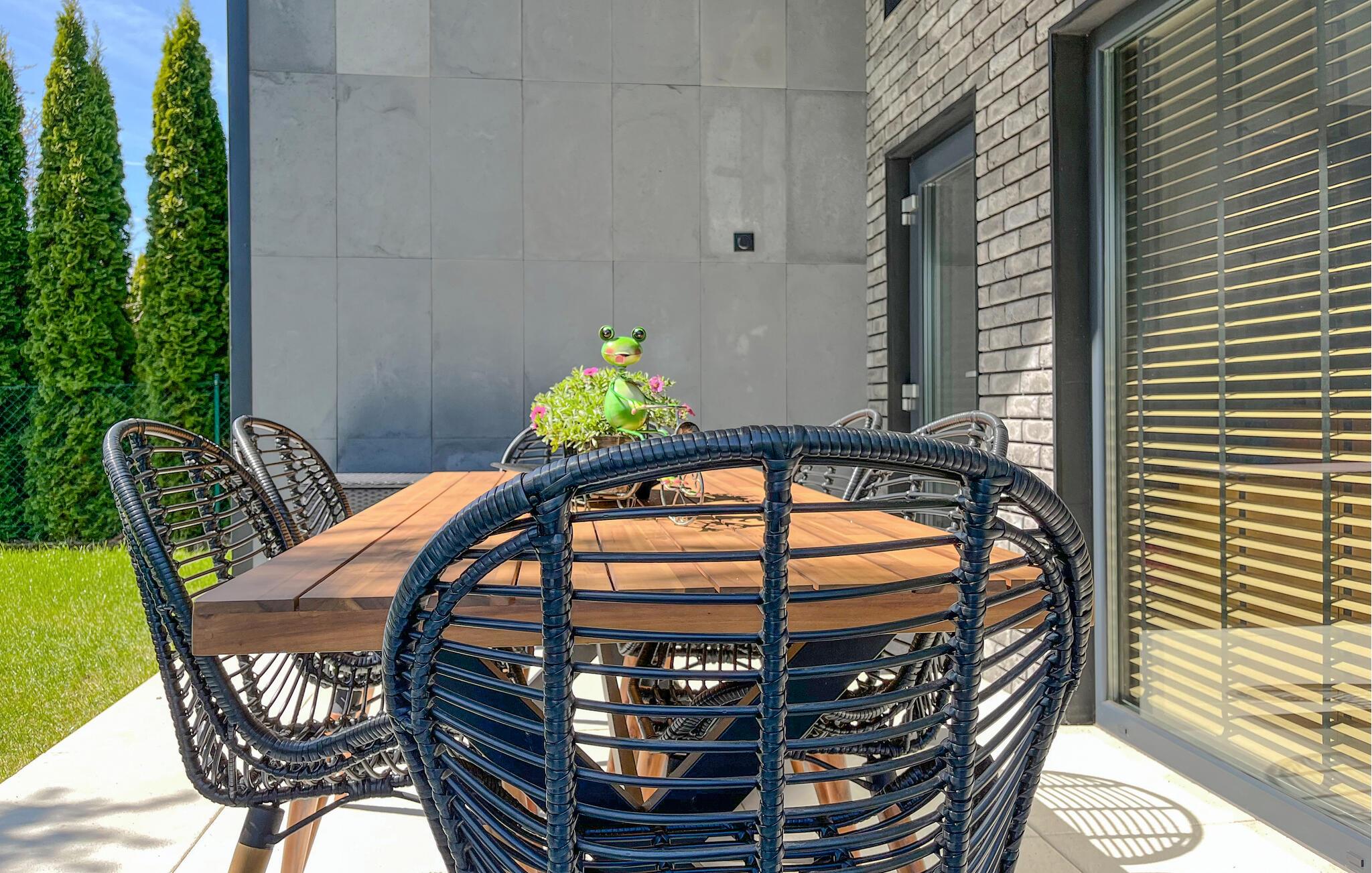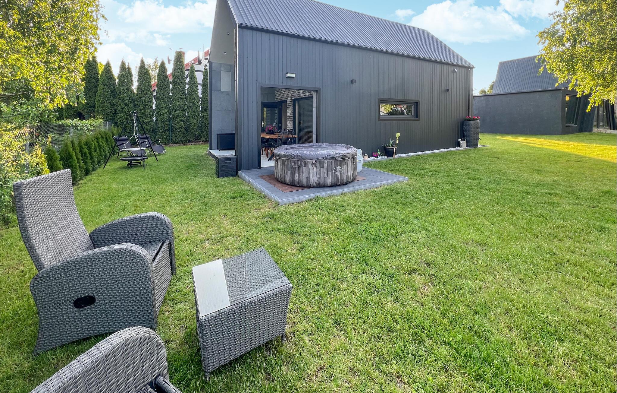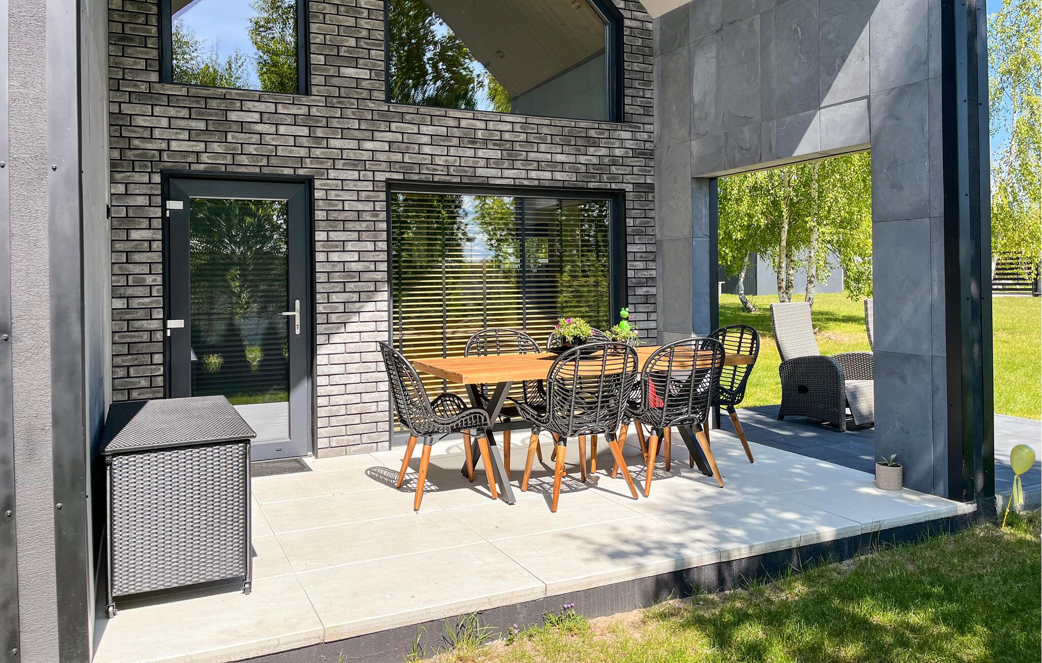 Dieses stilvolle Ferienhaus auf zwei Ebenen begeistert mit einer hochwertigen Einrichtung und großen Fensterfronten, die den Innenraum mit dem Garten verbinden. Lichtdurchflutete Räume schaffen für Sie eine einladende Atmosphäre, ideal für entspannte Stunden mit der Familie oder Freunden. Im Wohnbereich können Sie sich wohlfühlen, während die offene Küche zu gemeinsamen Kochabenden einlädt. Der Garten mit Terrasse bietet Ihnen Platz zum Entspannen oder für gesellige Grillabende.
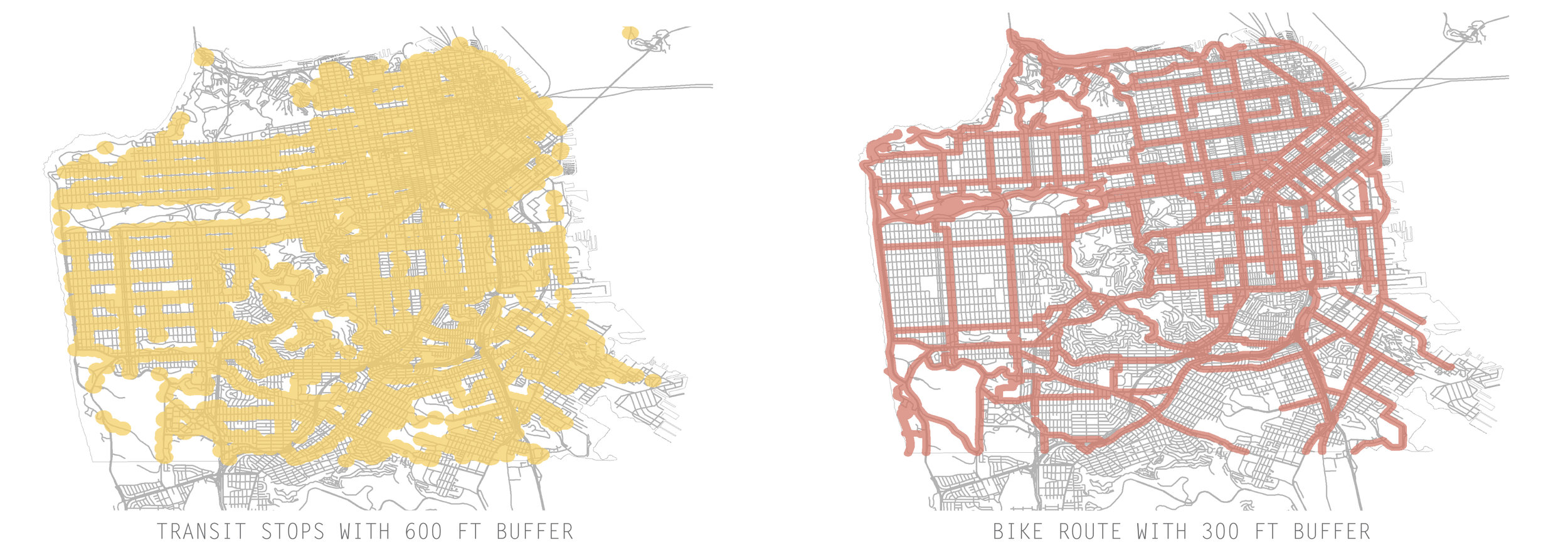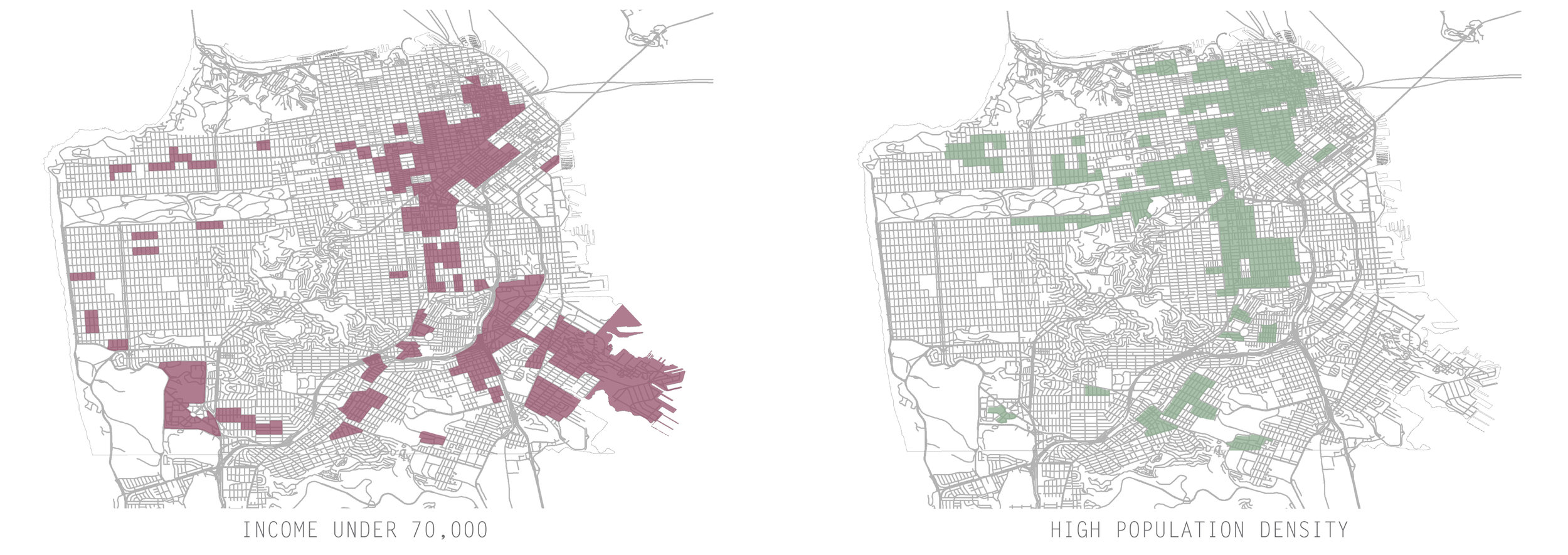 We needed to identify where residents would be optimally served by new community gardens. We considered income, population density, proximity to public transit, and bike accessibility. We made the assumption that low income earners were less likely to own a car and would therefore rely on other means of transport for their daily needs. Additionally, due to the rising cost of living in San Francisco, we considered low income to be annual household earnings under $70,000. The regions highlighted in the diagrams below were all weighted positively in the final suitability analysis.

----

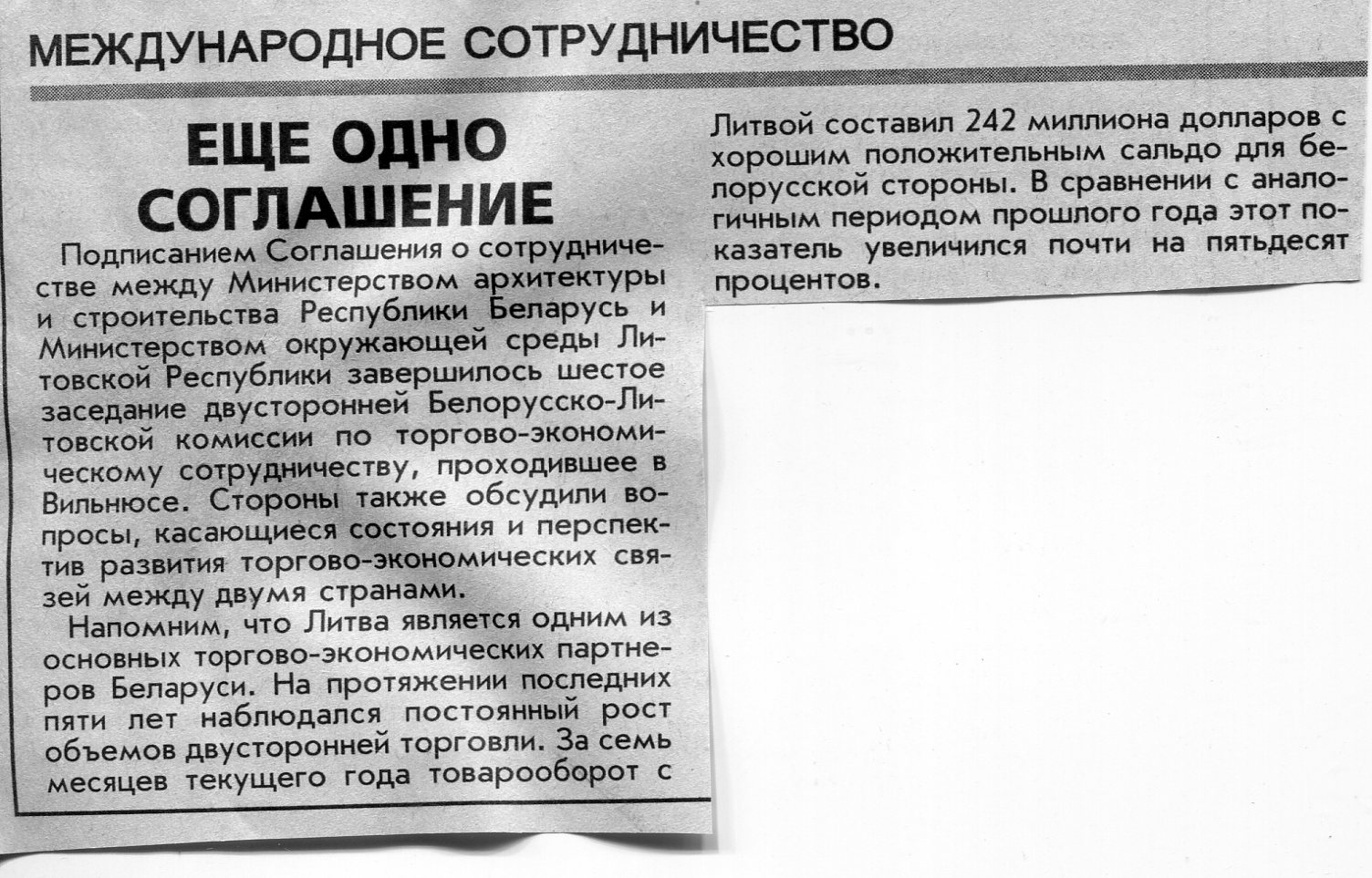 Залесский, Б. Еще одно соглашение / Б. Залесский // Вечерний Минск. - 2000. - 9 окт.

----

• [Try it]: Copy only this from above: the line containing "Dieses stilvolle Ferienhaus", the line containing "We needed to", and all lines between, printed exactly. Leave out the pictures.

• [Response to the task]:
 Dieses stilvolle Ferienhaus auf zwei Ebenen begeistert mit einer hochwertigen Einrichtung und großen Fensterfronten, die den Innenraum mit dem Garten verbinden. Lichtdurchflutete Räume schaffen für Sie eine einladende Atmosphäre, ideal für entspannte Stunden mit der Familie oder Freunden. Im Wohnbereich können Sie sich wohlfühlen, während die offene Küche zu gemeinsamen Kochabenden einlädt. Der Garten mit Terrasse bietet Ihnen Platz zum Entspannen oder für gesellige Grillabende.
 We needed to identify where residents would be optimally served by new community gardens. We considered income, population density, proximity to public transit, and bike accessibility. We made the assumption that low income earners were less likely to own a car and would therefore rely on other means of transport for their daily needs. Additionally, due to the rising cost of living in San Francisco, we considered low income to be annual household earnings under $70,000. The regions highlighted in the diagrams below were all weighted positively in the final suitability analysis.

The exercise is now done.